This document outlines the use of emacs' require and provide functions to help new users understand how to better configure the text editor. While there are a number of different strategies for organizing emacs configuration files and lisp systems and there is no single dominant best practice, consider this document if you find your .emacs or init.el` file growing out of control.

Background and Overview

After using emacs for any period of time, one begins to develop a rather extensive emacs configuration. Emacs comes with very little default configuration and large number of configuration possibilities. Because writers, programmers, and researchers of all persuasions and backgrounds use emacs for a larger array of tasks and work profiles, the need for customization is often quite high. n Rather than have a massive emacs configuration with thousands of lines, I've broken the configuration into a number of files that are easier to manage, easier to troubleshoot, and easier to make sense of. These files are then linked together and loaded using emacs' native require function. This document explains that organizational principal and provides the code needed to duplicate my configuration.

I store all of my emacs configuration in a folder that I will refer to as ~/emacs/, in actuality this is a sub-folder within a git repository that I use to store all of my configuration folders, and you should modify this location to suit your own needs. Additionally, I have the habit of prepending the characters tycho- to every function and emacs file name that are my own writing. This namespace trick helps keep my customization separate from emacs' own functions or the functions of loaded packages and prevents unintended consequences in most cases. You might want to consider a similar practice.

Configuring .emacs

My .emacs file is really a symbolic link to the ~/emacs/config/$HOSTNAME.el file. This allows the contents of .emacs to be in version control and if you have your emacs configuration on multiple machines to use the same basic configuration on multiple machines with whatever machine specific configuration you require. To create this symlink, issue the following command:

ln -s ~/emacs/config/$HOSTNAME.el ~/.emacs

Make sure that all required files and directories exist. My .emacs file is, regardless of it's actual location, is very minimal because the meat of the configuration is in ~/emacs/tycho-init.el. Take the following skeleton for ~/.emacs:

;; Startup and Behavior Controls

(setq load-path (cons "~/emacs" load-path))
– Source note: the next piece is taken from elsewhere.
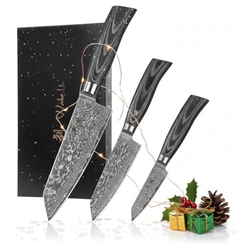 Wakoli EDIB Pro Black Premium 3-delars kiritsuke damaskusknivset med 9–17 cm blad, 67 lager äkta damaskusstål, ergonomiskt pakkaträhandtag och trälåda – exklusivt japanskt köksknivset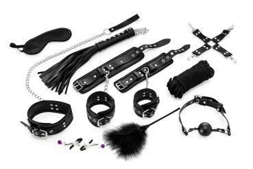 Αυτό το πλήρες σετ 11 τεμαχίων από τεχνητό δέρμα αποτελείται από διάφορα παιχνίδια BDSM για αυτόν και εκείνη. οι μανσέτες έχουν μια πολυτελή ωραία επένδυση και όλα τα παιχνίδια που μπορούν να χρησιμοποιηθούν για να συγκρατήσουν τον σύντροφό σας είναι ρυθμιζόμενα στο μέγεθος και διαθέτουν κρίκους που μπορούν να χρησιμοποιηθούν για την τοποθέτηση βαρών, γάντζων και σχοινιών. Το ball gag έχει οπές αερισμού και είναι επίσης ρυθμιζόμενο. Αυτό το υπέροχο σετ είναι ειδικά σχεδιασμένο για να μυήσει τους συνεργάτες στον υπέροχο κόσμο του παιχνιδιού της δουλείας! Υλικό: τεχνητό δέρμα.

(setq custom-file "~/emacs/custom.el")
(add-to-list 'load-path "~/emacs/snippet/")
(add-to-list 'load-path "/usr/share/emacs/site-lisp/slime/")

(require 'tycho-display)

;; Machine Specific Configuration Section

(setq bookmark-default-file "~/garen/emacs/bookmarks/arendt"
      w3m-session-file "~/garen/emacs/bookmarks/w3m-session-arendt"
      bookmark-save-flag 1)

(if (file-directory-p "~/garen/emacs/backup")
    (setq backup-directory-alist '(("." . "~/garen/emacs/backup")))
  (message "Directory does not exist: ~/garen/emacs/backup"))

;; Load the real init

(require 'tycho-init)

(menu-bar-mode -1)

The first seq defines the load path. Like other configuration paths, this is the directory that emacs will look for files to load when you use require later. load-path does not crawl a directory hierarchy, so if you store emacs lisp within ~/emacs/, you'll need to add those directories here. To see the value of the load-path use "C-h v" in emacs. I then define "custom.el" as it's own file to prevent customize from saving configuration in my init file. Then I use require to load a number of display-related functions (from the file ~/emacs/tycho-display.el,) including the tycho-font-medium function.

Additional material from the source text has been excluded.